Christine Schöpf: This term was coined by one of the first Golden Nica prizewinners, Brian Reffin Smith. His point was that so many things are doable in Linz—the Ars Electronica Festival, the Prix Ars Electronica—that are simply impossible in other cities. And what an extraordinary feeling materializes every year when all these nerds, scientists and artists convene at the annual festival! That’s when this spirit really reaches a crescendo! The Spirit of Linz truly was nurtured by a lot of individuals. That went so far as people providing accommodations to guests in their own homes. Back then, this Spirit of Linz focused especially on the festival, particularly on the very fact of its continued existence over so long a time! In the meantime, the support has become much more broad-based.
You’re one of the two honorary chairs of the UNESCO City of Media Arts Advisory Board. What does this mean for you personally? And what’s the larger significance?
What can the UNESCO Network do in response to issues having to do with the ongoing development of the Digital Age?
Christine Schöpf: First of all, I personally am quite curious to see what comes of all this. If I appraise this critically, then the UNESCO City of Media Arts title is just a label that we can be proud of. Linz is proudly displaying the UNESCO logo. We’re proud to be a City of Media Arts, a member of UNESCO’s Creative Cities Network. But that can’t be all there is to it.

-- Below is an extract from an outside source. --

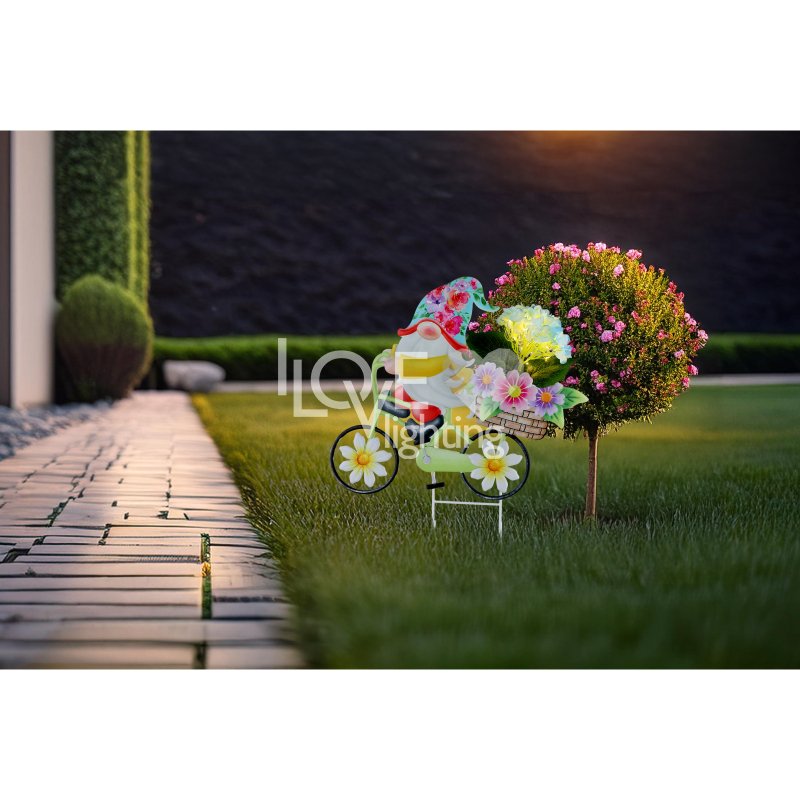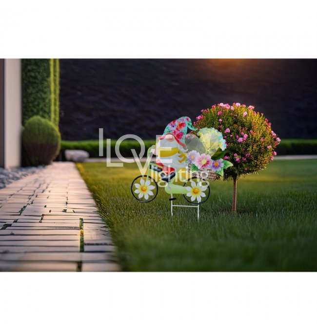 Lampa solarna dogruntowa LED 20x0,06W Krasnal na rowerze z kwiatami SOLAR 36318 Globo

The truly fascinating aspect of this is the network that these Creative Cities can form and utilize to develop strategies for working within the network and collaborating with the other members. Accordingly, cooperative arrangements should be articulated on various levels.
What I personally see as the biggest challenge for the future—and this is what makes it really interesting for me—is to find out what this network can do when it comes to issues involving the further development of the Digital Age. I mean, let’s keep one thing in mind: At present, we’re about midway through the Digital Age. So then, what strategies are called for to deal intelligently and competently with this development, one that there is undoubtedly no holding back? The theme of this year’s Ars Electronica is Post City, which thus affords an opportunity to address this larger issue by focusing on urban development. And the UNESCO Network is already going to be actively involved in this in the form of workshops—thus, joint consideration of these matters.
And how do you envision Linz 10 years from now? Will Linz be the Super Media Art City?
I recall a rather critical article I wrote in conjunction with Linz 2009 European Capital of Culture, in which I stated: Linz has Ars Electronica and that’s marvelous, but that can’t have been all! Perhaps it’s not the best example right now, but when it comes to decorating the interiors of public buildings such as City Hall, the city still has recourse to so-called analog “flatware.” Now, I don’t want to come across as overly critical—after all, Linz was so quick to install hotspots, WLAN is available pretty much citywide, and there have been lots of notable accomplishments with respect to the municipal government’s online platforms. An item high on my wish-list is a department of media philosophy, ideally at the Johannes Kepler University. So there’s still a lot to do so that Linz can continue to develop as a city of media and not just rest on its laurels!